Attendance…the on-going saga

In response to year-in-year out feedback from students that they wished they had attended class more often (e.g.), I decided this year to try a more brutal approach to helping them help themselves. I take attendance at pop quizzes, and I do those at random times without warning. I plan to do a total of ten of them this semester. I give 100% for attendance if students are at seven; 0% if they are at fewer than seven. Attendance is worth 10%, so a whole degree grade is resting on this.

We’ve done eight quizzes so far, and 131 students – 68% of the class have got full marks for attendance. There are 38 students who are one quiz away, 12 who are two quizzes away, and 13 who have already blown 10% of their final grade.

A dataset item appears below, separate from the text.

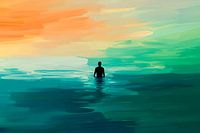 Lucht en water smelten samen in zachte tinten om een dromerig kleurenspel te creëren. Een eenzaam silhouet staat in het diepe blauw en dompelt de kijker onder in een wereld van vrede en contemplatie. Dit harmonieuze kunstwerk brengt een ontspannen sfeer in elke slaapkamer of woonkamer, perfect voor momenten van contemplatie en sereniteit.

Interesting dilemma now. At this point, what best incentivizes attendance for the rest of semester? I could do more than two more quizzes, but the more quizzes I run, the less incentive the poor attenders have to come to every remaining class. So I need to stick to just two more. That’ll hurt some, but that’s time management for you. They can’t say they weren’t warned (syllabus). However, I now realize my attendance algorithm no longer incentivizes the good attenders because they have it in the bag. Must fix that for next year (15 quizzes, must be at 11?). I know from experience that students only realize after the fact that they do better on tests by coming to class. And the material I cover between now and the end of the year will so be in Class Test 4 and the Final exam.

I remain amazed that Faculty have to motivate students to come to class. I would have thought paying for an education would be incentive enough.